Despite the explosion of sexual activity online, a Zogby survey found that 65.l per cent of respondents believed finding sexual fulfillment on the Net was "not likely." Duh.
These robust figures show just how hypocritical and schizophrenic America's attitudes about sex and the Net are, and how much the success of online sex sites reveals about the future of the Web.
In a l999 CBS.MarketWatch.com poll, 23 per cent of the people surveyed called pornography the Net's worst feature. It's certainly all most politicians want to talk about when it comes to discussing the online world. But somebody isn't telling the truth. A 1999 report by Alvin Cooper and Coralie R. Scherer of the California- based Marital and Sexuality Centre found that 75 per cent of those who enjoy adult Internet sites don't tell anyone about it.
The popularity of sex sites, especially during a so-called Tech Crash, ought to send a message about technology and applications that work online, or don't. Like Napster, sex sites offer genuine utility for millions of people who want sexual information and activity. Sex, like music and entertainment, is a universal human interest. Technology can make it easier for people to connect with these interests, and when that happens, the technology works. And the Net is rattling old taboos. Even though the number of people accessing sex sites has gone through the roof, the Cooper/Scherer report found that the proportion of sexual compulsives online parallels that in the general population. The hue and cry about the menace of cybersex addiction seems misplaced.
Law enforcement officials have also been reporting a dramatic rise in child pornography online, but there is no evidence that sex crimes are on the rise either, according to researchers and federal (including FBI) statistics. Is it possible that the availability of sexual material online gives people healthier and safer outlets for sexual impulses than were previously available?
The problem with the way media, politics, morality and the Net have gotten all tangled up is that the confusion makes it difficult to measure the real consequences of online sexuality, clearly a significant new social reality. The Net has, for the first time in contemporary history, given individuals the freedom to explore sex and sexuality, despite ferocious opposition to the idea from government, elected representatives, religous groups and much of media. Tens of millions of people can access sex sites, talk about sexual fantasy and practice, consider whether they're gay or straight, meet one another, indulge in fantasies, gather information, assume different identities. According to the Cooper/Scherer report, 87 per cent of sex- site users said they felt no shame or guilt. More than 60 per cent pretended to be a different age than they actually are; 14 per cent admitted that they made up other attributes; another five per cent assumed the opposite gender.

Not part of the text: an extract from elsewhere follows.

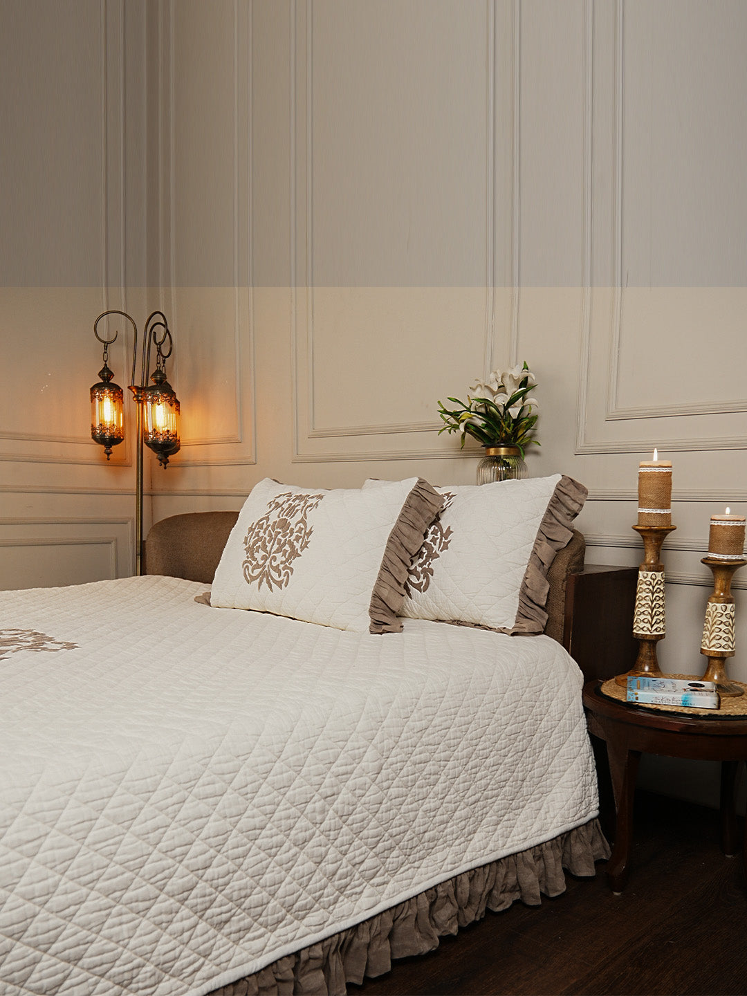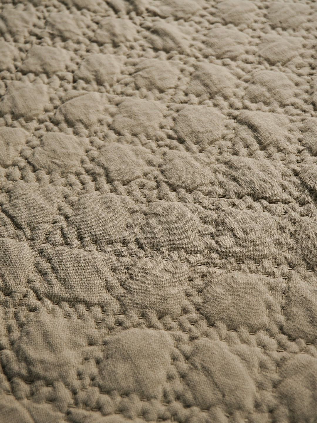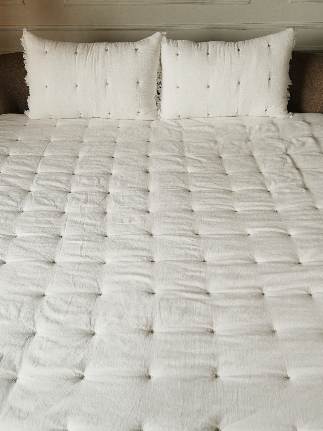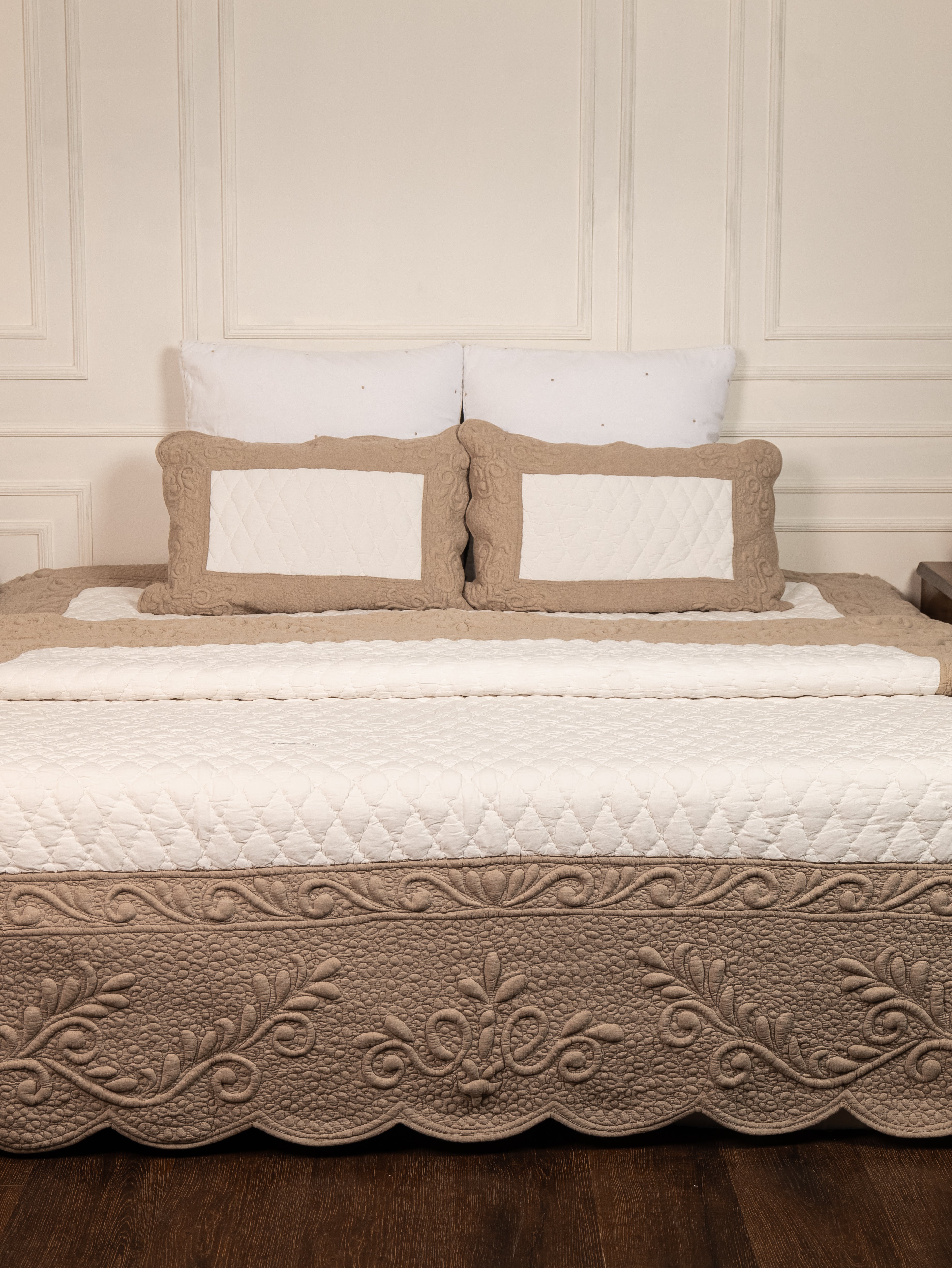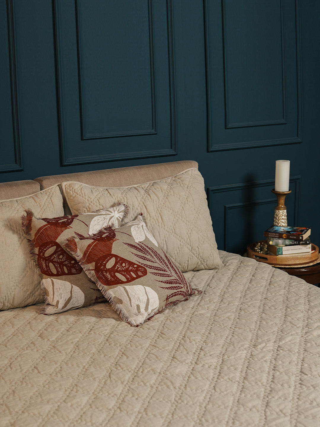 Amara Ornate Medallion Hand-Quilted King Size Bed Spread 100% Linen Cotton

Some interesting conclusions emerge from all of this. Simple exposure to sexual imagery doesn't appear as harmful or destructive as many politicians, moralists, educators and others would claim, as they pass legislation requiring blocking and filtering. Nor do the clucking or the legislation seem to have much effect. Even while Congress passes profoundly stupid laws like the Children's Internet Protection Act -- which forces local schools and libraries to install filtering programs whether they want to or not in order to get federal aid -- the number of adult Americans accessing sites devoted to sex seems to be growing by the day.
Another pattern that's been developing over several years is also becoming more distinct: The Net works well as a corollary to non-virtual human behavior and activity, not as a subsitute. Messaging doesn't replace voice-to-voice communications like phones; free music doesn't stop people from buying CD's (which sold in record numbers last year); e-books aren't more attractive to most readers than the real thing. And sex sites and virtual sexual identities don't replace real sex.